### TASK DETAILS
Only the lines from the one containing "当前位置: 91家纺网 >" through the end of the listing belong in the answer, repeated exactly, with no pictures.

### INFORMATION SUPPLIED

--------------------------------

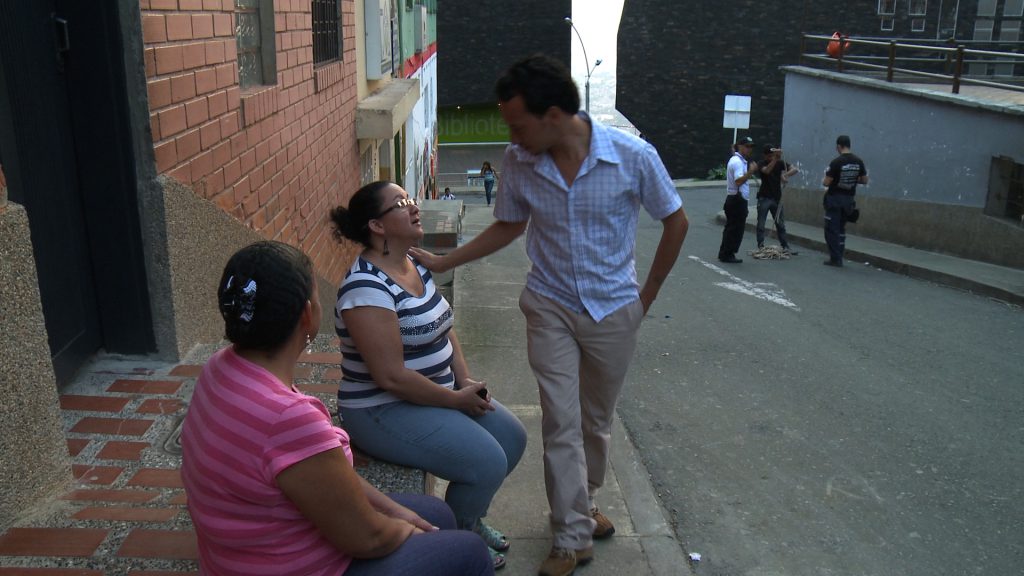Invited by adolescents I had filmed in a Medellin slum 16 years ago, I return to the city that was known back then as “the most dangerous city in the world”; I discover that it has become the “most innovative city on the planet”. An emblem of this change lies in this very neighbourhood: the Biblioteca España, a symbol of the state of things in this microcosm of Colombia. In 1997 I filmed three young people who are today fully involved in their neighbourhood’s life. As the owner of a photography business specialising in weddings and communions, Wilmar is in charge of the residents’ image. Manual is President of the “Community Action Committee”, in charge of finding solutions to the neighbourhood’s problems. Maria Eugenia, who was teaching her mother to read in my film, is now a Spanish teacher at the school. The documentary will be haunted by the presence of a phantom poet, killed two years after my first film. A person forgotten by no one but whose ashes are best left untouched. A metaphor for horror, amnesia and impurity. We are going to evaluate what is at stake for a neighbourhood that the city decided to incorporate. In 1997, I asked them: How do you see yourself in 10 years? School did not change the world, but it changed those who could change the world.
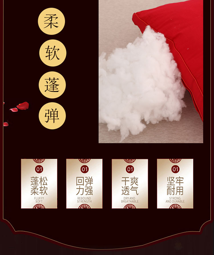 当前位置: 91家纺网 > 商品网购 > 枕头/枕芯/保健枕/颈椎枕 > 普通枕芯 > 枕之坊 2021新款大红婚庆羽丝枕b48×74cm 花嫁喜事
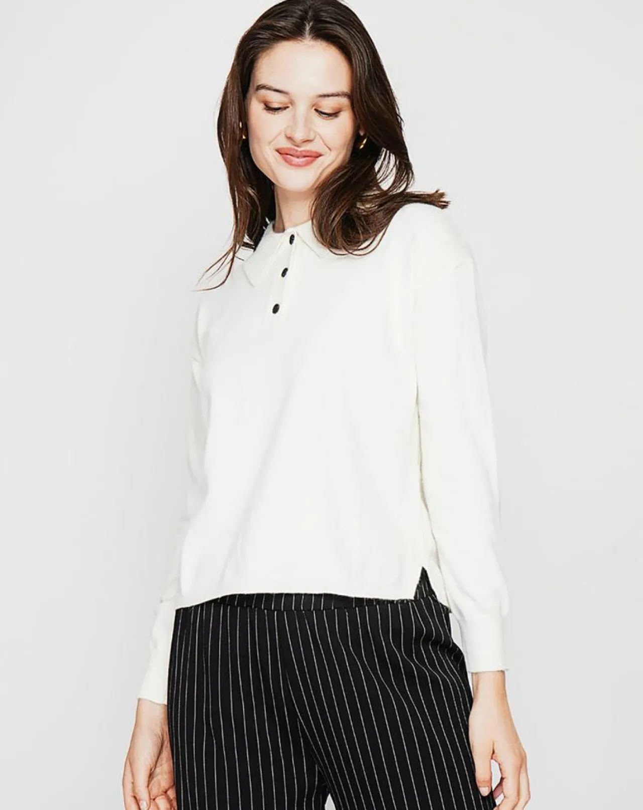 Pull col polo Bords côtelés Coupe oversize à manches longues

--------------------------------

### ANSWER BELOW
 当前位置: 91家纺网 > 商品网购 > 枕头/枕芯/保健枕/颈椎枕 > 普通枕芯 > 枕之坊 2021新款大红婚庆羽丝枕b48×74cm 花嫁喜事
 Pull col polo Bords côtelés Coupe oversize à manches longues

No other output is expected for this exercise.